Выбрать главу

В истории французской литературы известно немало примеров, когда авторы сознательно ограничивали себя не только объемом, сюжетом и композицией, но и гораздо более формальными рамками. Наибольшую славу в оригинальности лингвистических игр снискали представители группы OULIPO, в частности Раймон Кено и Жорж Перек. Так, в 1947 году Раймон Кено публикует «Стилистические упражнения» — 99 вариантов одного и того же коротенького эпизода, а в 1969 году его единомышленник Жорж Перек пишет роман «Пропажа», умудрившись ни разу не употребить в тексте букву «е»! отнюдь не самую редкую. Истинная литература — это полная свобода, а значит и свобода самоограничения.
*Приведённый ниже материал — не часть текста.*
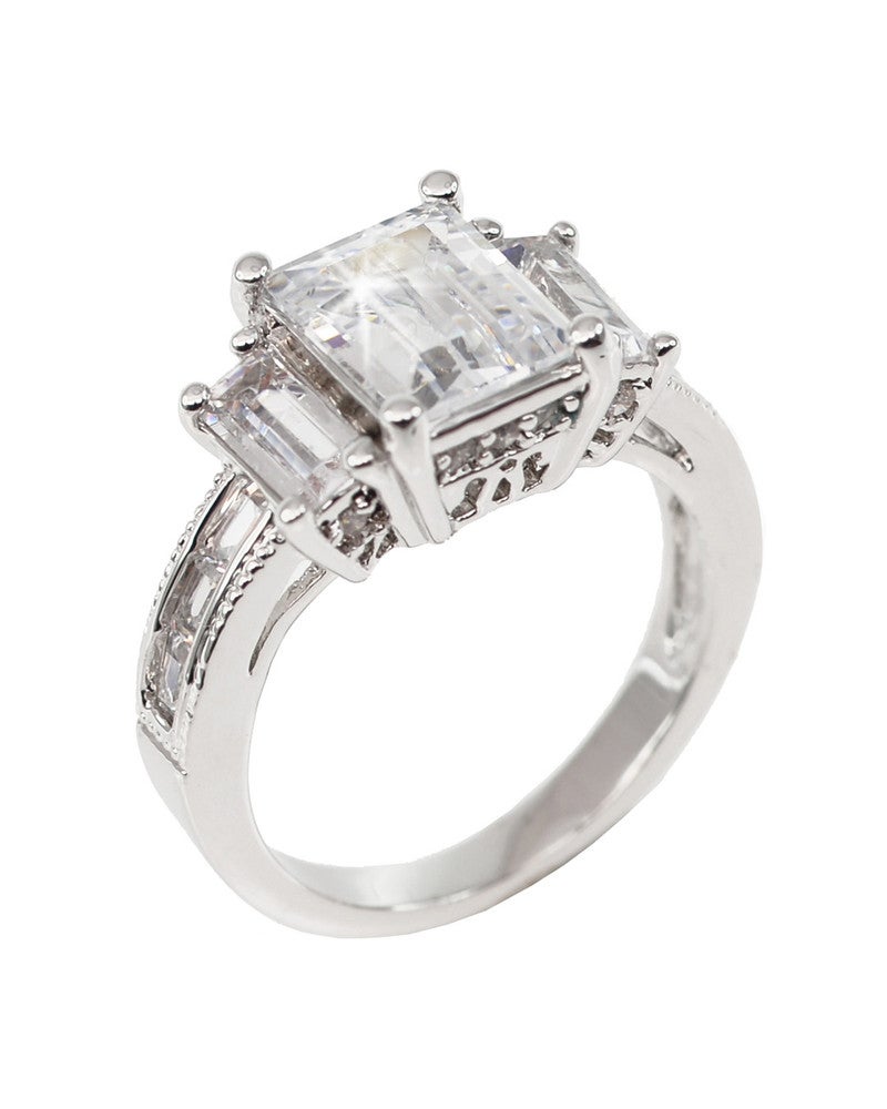 Deze prachtige ring, geïnspireerd op de verlovingsring van Angelina Jolie, heeft een rechthoekige grote centrale steen met aan weerszijden twee kleinere stenen. Voor het behoud van de glans raden we aan de ring af te doen wanneer je je handen wast of een crème gebruikt. Maten: US 5 = 15.75mm (49) / US 6 = 16.50mm (52) / US 7 = 17.25mm (54) / US 8 = 18.25mm (57) / US 9 = 18.75mm (59) / US 10 = 19.75mm (62)

Сложно сказать, что же в итоге получилось у Роб-Грийе — роман или учебник. Во всяком случае, то ли для того, чтобы все разъяснить, то ли из желания окончательно запутать и без того растерявшегося читателя, писатель публикует еще одну книгу, но на этот раз на титульном листе значится: «Джинн, или красная дыра в разобранной мостовой». От «Rendezvous» текст отличался лишь добавленным предисловием, в котором автор якобы представляет повесть, поведанную Симоном Лекёром, и «делает попытку» установить его личность, сообщая при этом, что после исчезновения Лекёра обнаружили французский паспорт на имя Бориса Коршимена, инженера-электронщика, родившегося в Киеве (sic!) Затем загадочный персонаж вроде бы появляется в американской школе парижского квартала Пасси, считавшегося в свое время прибежищем эмигрантов, в том числе из России. Герой уже носит другую — то ли греческую, то ли венгерскую, то ли финскую — фамилию и преподает современный французский язык.
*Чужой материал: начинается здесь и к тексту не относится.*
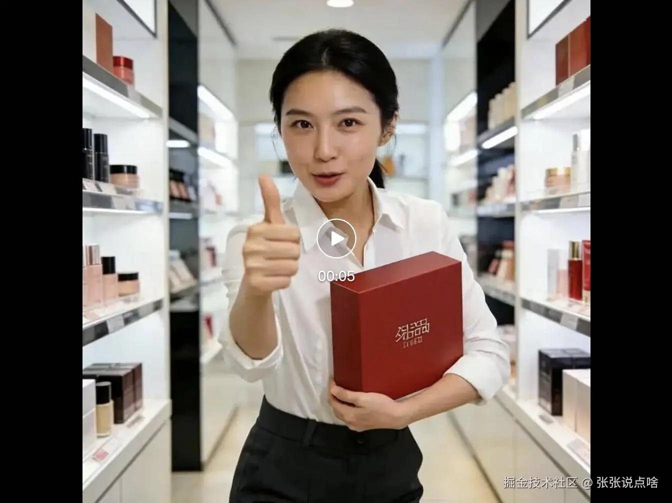 生成可商用高清图片,风格为明亮商务风;单人人物设定:穿干练职业装(白衬衫 + 深色小西裤 / 半身裙),面带亲和自信微笑,手捧主推产品 美妆礼盒 ,站姿挺拔;背景为现代简约门店;光线充足,货架整洁陈列同类产品,无杂乱元素;要求人物轮廓清晰、色彩饱和度舒适统一、产品细节突出,适配后续视频生成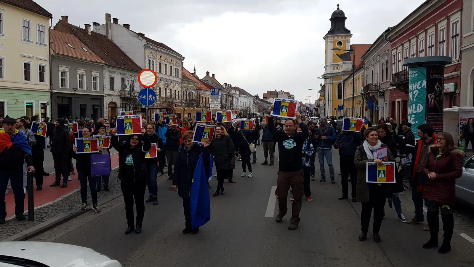 Protestatarii au blocat și traficul de pe bulevardul Eroilor, Chiar în fata sediului PSD.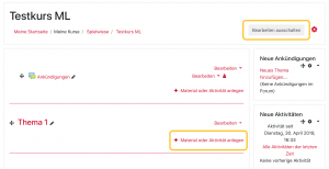 Schalten Sie zunächst in Ihrem Moodle-Kurs den Bearbeitungsmodus ein und fügen dann im gewünschten Abschnitt eine neue Aktivität hinzu.
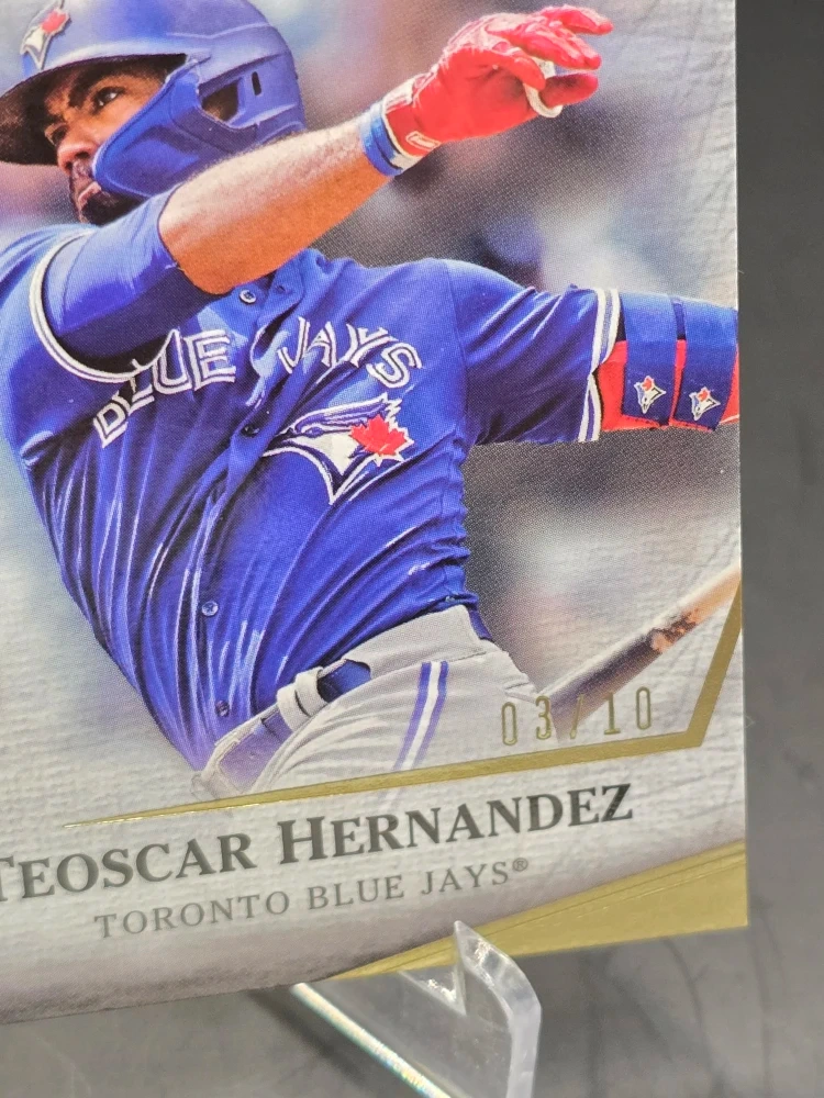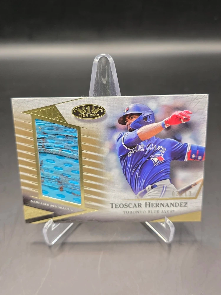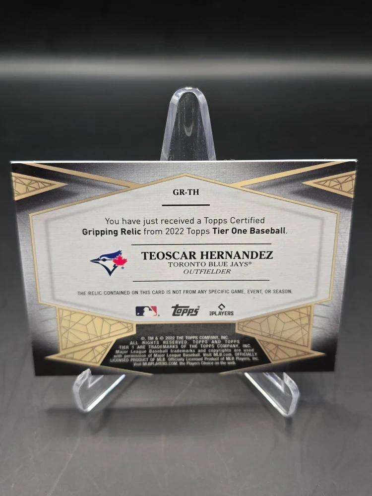Selling a Teoscar Hernandez Toronto Blue Jays Gripping Relic baseball card from the 2022 Topps Tier One Baseball series! It's a certified Topps card.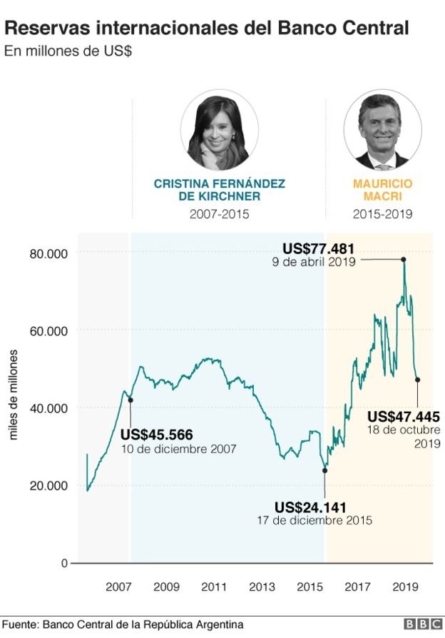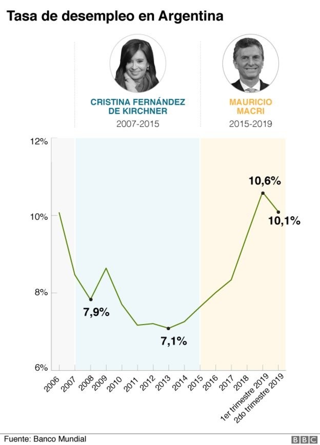 Cuando en 2015, Mauricio Macri ganó las elecciones presidenciales en Argentina, los organismos internacionales y los mercados financieros consideraron al candidato de centro derecha algo así como el hombre destinado a meter al país en el camino de la disciplina fiscal.Su programa de campaña prometía revertir algunos de los males que arrastra el país desde hace décadas.Para algunos, su victoria marcó un punto de inflexión después de lo sucedido en 2001, cuando el país fue protagonista del mayor impago de deuda soberana de la historia, luego del llamado "corralito" y en medio de una profunda crisis económica.Desde aquella fecha Argentina arrastra desequilibrios que las medidas de sucesivos gobiernos no pudieron solucionar.Tampoco lo consiguió Macri.El domingo 27 de octubre Macri perdió las elecciones frente a su rival peronista, Alberto Fernández, y la economía, según los expertos, tuvo mucho que ver en eso.Cuando asumió la presidencia, su Ejecutivo se encontró con un cepo -o control cambiario- impuesto en 2011 por el gobierno de Cristina Fernández de Kirchner para evitar la fuga de dólares.La economía se había cerrado al exterior y Argentina no tenía acceso al crédito para hacer frente a sus gastos.Ante esta situación, las autoridades empezaron a pagar los desequilibrios con las reservas del Banco Central.Esto llevó a la progresiva descapitalización del organismo, que el actual presidente logró corregir.Macri tuvo que lidiar también con una distorsión de precios relativos debido a la millonaria política de subsidios aplicada por el gobierno de Fernández de Kirchner sobre el transporte público de pasajeros, el combustible, el gas y la electricidad.El kirchnerismo también congeló las tarifas de estos servicios, haciendo que fueran unos de los más baratos de América Latina, a pesar de que su costo real, en dólares, era muchísimo más alto.El gobierno de Cristina se fue dejando una inflación de casi el 27% en 2015, pero que iba a la baja desde el año anterior."Se fue con una economía que tenía una gran cantidad de desajustes, pero que crecía en la zona del 3% anual y la inflación estaba anclada con el cepo cambiario", dice Marina Dal Poggetto, directora ejecutiva de la consultora aregntina Eco Go."Había una enorme cantidad de desajustes macroeconómicos que no eran sostenibles en el tiempo, pero no fue la economía lo que definió esa elección"."Lo que la definió fue el cansancio del kirchnerismo", afirma en alusión a la fuerza política que por 12 años gobernó Argentina (2003-2015) con una fuerte intervención estatal sobre la economía y una retórica antimercados.Lo primero que hizo Macri, cuando llegó a la presidencia, fue abrir Argentina de nuevo al exterior y levantar el cepo.Eso llevó a que el peso se devaluara 40% contra el dólar, pero el impacto no fue tan brusco debido a que muchos precios ya tomaban como referencia el dólar informal conocido como "dólar blue".Y aunque momentáneamente se consiguió recuperar el control de la economía, el momento dulce duró realmente poco.En mayo de 2018, en un contexto de fuerte apreciación del dólar y de subida de tipos de interés en Estados Unidos, muchos inversores extranjeros decidieron sacar su dinero de Argentina.Sin crédito, Macri se vio obligado a acudir al Fondo Monetario Internacional (FMI) y a pactar un préstamo de más de US$50.000 millones.Así que, 4 años después de su llegada al poder, el llamado "efecto Macri" se desinfló.La economía de Argentina sigue marcada por la recesión, una inflación galopante y una desconfianza general de los inversores como consecuencia del deterioro de sus principales indicadores.Entonces se hablaba de la "herencia de Cristina" y ahora que el peronismo vuelve al poder con Alberto Fernández, los kirchneristas hablan de la herencia que va a dejar Macri.¿Pero cómo encontró Macri el país? ¿Cómo está ahora?En BBC Mundo repasamos la evolución de algunos de los principales indicadores económicos:Según datos oficiales de la actual administración, Argentina se encontraba a finales de octubre en recesión oficial tras acumular dos trimestres consecutivos de contracción del Producto Interno Bruto (PIB).Macri heredó el país creciendo al 2,7% tras un periodo de vaivenes del anterior gobierno y llegó a las elecciones presidenciales con el PIB cayendo con fuerza.Las estimaciones del FMI prevén que el crecimiento de Argentina se desplome hasta el -3,1% cuando acabe el año."Uno de los errores de Macri fue tratar cada problema de la economía como un compartimento estanco en vez de como un todo", explica Dal Poggetto.Encargó al ministro de Energía que resolviera el tema tarifario, al presidente del Banco Central que arreglara el tema de la inflación, y al ministro de Economía resolver el tema fiscal".Pero lo cierto es que todos estos temas macroeconómicos están entrelazados.Una subida de las tarifas en los servicios básicos impacta en la inflación y si el gobierno decide usar subsidios para que el bolsillo de los ciudadanos no sufra tanto la subida de precios, es el equilibrio fiscal el que se deteriora."No hubo un programa económico consistente", dice.Para la analista, en 2017 el mercado todavía se estaba preguntando "si el gobierno de Macri era un gobierno de transición entre dos populismos o uno que había llegado de verdad a cambiar las cosas".Si hay algo difícil en la convulsa economía argentina es obtener una serie histórica de sus principales indicadores.En parte se debe a que el INDEC, el instituto encargado de las estadísticas, estuvo intervenido entre los años 2007 y 2015.Hubo, se dice, una "emergencia estadística nacional".Entonces, gobernaba Cristina Fernández de Kirchner, y al rescate de los datos acudieron diversas organizaciones independientes que empezaron a contabilizar la inflación, que era mucho más alta de lo que informaba el gobierno.Una de las primeras cosas que hizo Macri al asumir fue volver a

Пролистав предисловие и углубившись непосредственно в роман, внимательный читатель сразу обратил бы внимание и на прозвище Ян, которым главного героя наградили его ученики, и на его адрес — улица Амстердам, дом 21, и на некоторые черты его внешности — очень светлые волосы и ярко-зеленые глаза.

Все продумано до мельчайших деталей, вплоть до запланированных многочисленных ассоциаций, возникающих при произнесении имени главной героини, поскольку существует целый ряд омонимов и паронимов: jean, gin, djinn, Jane, Jean. Получается причудливое смешение американских и английских реалий с восточным волшебством. Нельзя тут не упомянуть одноименное стихотворение Виктора Гюго в форме ромба, которое начинается с двусложной строфы, ею же заканчивается, а в середине — кульминация, подчеркнутая длинной александрийской строкой. Не правда ли, где-то нам это уже встречалось? Недаром критики называли Роб-Грийе фантастом, «спелеологом воображаемого», «ясновидцем», «мечтательным геометром», «чудотворцем».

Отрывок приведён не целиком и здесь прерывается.